Amedi was born in Clarkston, Georgia, five months after his parents fled the Kurdish region in 1996, and much of his identity remains rooted in his Kurdish background. During the peak of the COVID-19 pandemic — at the start of Amedi’s medical training — he worked to ensure the Kurdish population received information about both the virus and the benefits of vaccination; he has continued to serve this population as a medical translator and is executive vice president of the Kurdish American Medical Association, where he helps connect and mentor Kurdish medical students across the country.

In addition, Amedi volunteers as the college education director of the Young Physicians Initiative (YPI), an organization founded by Kelli to provide guidance to underserved students interested in medicine, focused on a mentorship pipeline.

As an undergraduate, Amedi attended YPI sessions led by Emory medical students; today, he organizes the group’s outreach to five undergraduate institutions in Georgia, including mentorship circles and virtual clinical shadowing.

After building a relationship with one of his YPI mentors, Ehab — who was an Emory medical student at the time and is now finishing his orthopedic surgery residency — Amedi sent him a text that he’d decided not to pursue medical school.

“Ehab called me immediately,” remembers Amedi, “and told me all the reasons why I should apply and how I could realistically be accepted. He gave the encouragement I needed to keep moving forward.”

Now, Amedi has witnessed several of his pre-med mentees be accepted to medical school, a full-circle moment that he celebrates alongside them.

Amedi also serves as clinic coordinator for the Clarkston Community Health Center (CCHC), vice president of his class and president of the Cardiothoracic Surgery Interest Group.

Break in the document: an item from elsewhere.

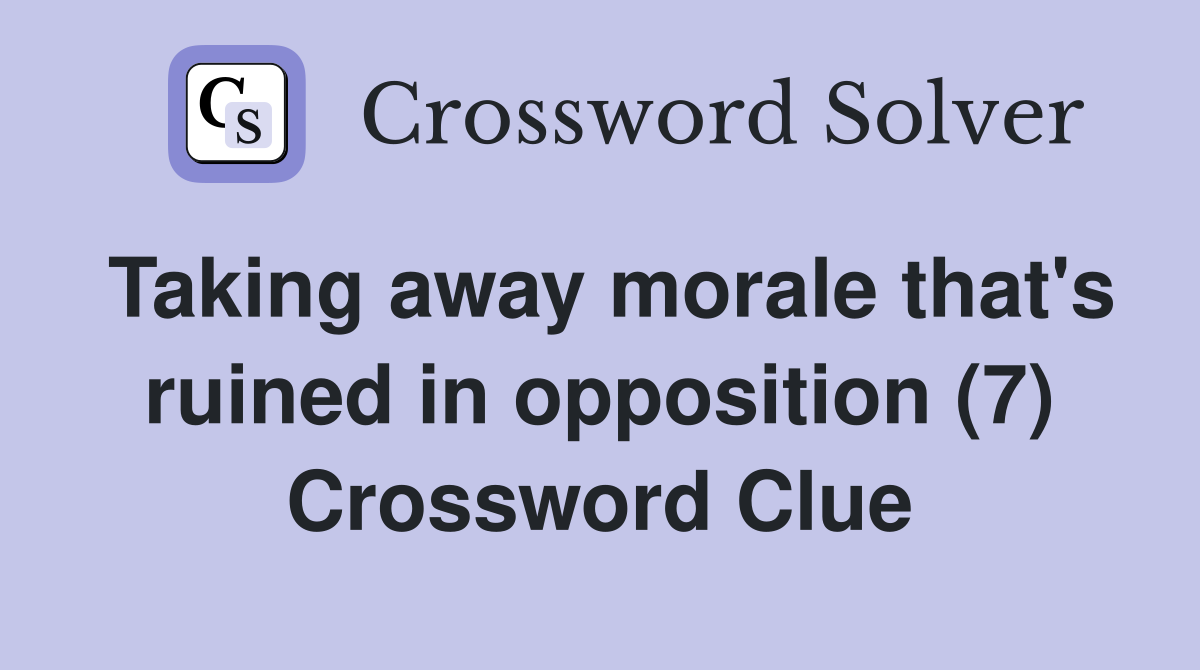 Taking away morale that #39 s ruined in opposition (7) Crossword Clue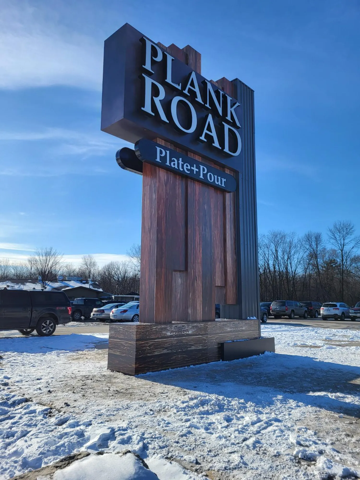 Jones crafted a unique sign that seamlessly blends history with modern design elements for the Plank Road Plate + Pour.

“One of the primary reasons I wanted to come to Emory was because of the involvement with Clarkston, which is where I was raised, and the vast patient population that Emory treats,” Amedi says.

Amedi’s friends and family had gone to the CCHC — a nonprofit organization that serves as a medical home to uninsured individuals in and around Clarkston, a major refugee resettlement area — throughout his life.

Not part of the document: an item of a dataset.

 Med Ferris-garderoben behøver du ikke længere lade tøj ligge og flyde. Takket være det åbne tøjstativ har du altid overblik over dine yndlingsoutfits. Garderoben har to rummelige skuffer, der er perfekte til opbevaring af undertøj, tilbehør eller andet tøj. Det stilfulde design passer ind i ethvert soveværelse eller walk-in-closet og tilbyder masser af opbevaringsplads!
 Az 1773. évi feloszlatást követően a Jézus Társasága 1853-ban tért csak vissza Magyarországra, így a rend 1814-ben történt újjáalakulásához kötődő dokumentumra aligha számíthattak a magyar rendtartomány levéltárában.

“Being able to work there felt like an honor, to be able to give back to my community,” says Amedi, who oversees the schedules of providers to ensure adequate coverage, manages results follow-up and works with the pharmacy for prescription coverage at CCHC.

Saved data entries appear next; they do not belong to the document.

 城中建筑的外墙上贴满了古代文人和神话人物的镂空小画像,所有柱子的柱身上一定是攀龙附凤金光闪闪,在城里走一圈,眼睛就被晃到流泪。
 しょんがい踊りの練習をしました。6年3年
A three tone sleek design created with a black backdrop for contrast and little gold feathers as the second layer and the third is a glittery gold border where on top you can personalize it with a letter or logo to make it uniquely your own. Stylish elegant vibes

But the communities Amedi aims to serve stretch far beyond Georgia’s borders.

One of his favorite experiences while at Emory was traveling to the Yantalo Clinic in Peru to provide pediatric surgical care. Amedi went with Children’s Healthcare of Atlanta, one of multiple institutions that partner with the Yantalo Clinic. The group worked with local physicians to determine the best course of treatment for patients, and this was the first trip that had been organized since COVID-19.

“We provided surgeries free of charge to pediatric patients who couldn’t get them for various reasons like access to care, cost or other socioeconomic barriers,” says Amedi.


Sunny skies ahead

Amedi says he never expected to receive this award.

“I actually thought I was in trouble,” he says. “I got an email saying to please meet in this room in the student center and I almost reported it as spam. When I eventually got there, they started talking about this award and I thought maybe they wanted my help to break it to a close friend. I was very shocked.

“There are so many amazing medical students and deserving graduates at Emory who have also done incredible things,” Amedi says. “I was very happy, but I was very shocked.”

He’s looking forward to soaking up the sunshine while in L.A., but also wants to become the best surgeon he can be.

“I’m interested in global surgery and want to help organize trips like the one I went on. I hope to stay involved in research to improve current guidelines and hope to pursue a cardiac fellowship after residency … but that’s five to seven years away,” he laughs.

“All the people here at Emory have played a fundamental role, from the surgery department — which organized an intern bootcamp elective course, held mock interviews and supported me through everything — to the mentors and faculty here who always had an open door,” he says.

“I never thought I could become a doctor, and a few months from now I’m going to be starting a surgical residency.”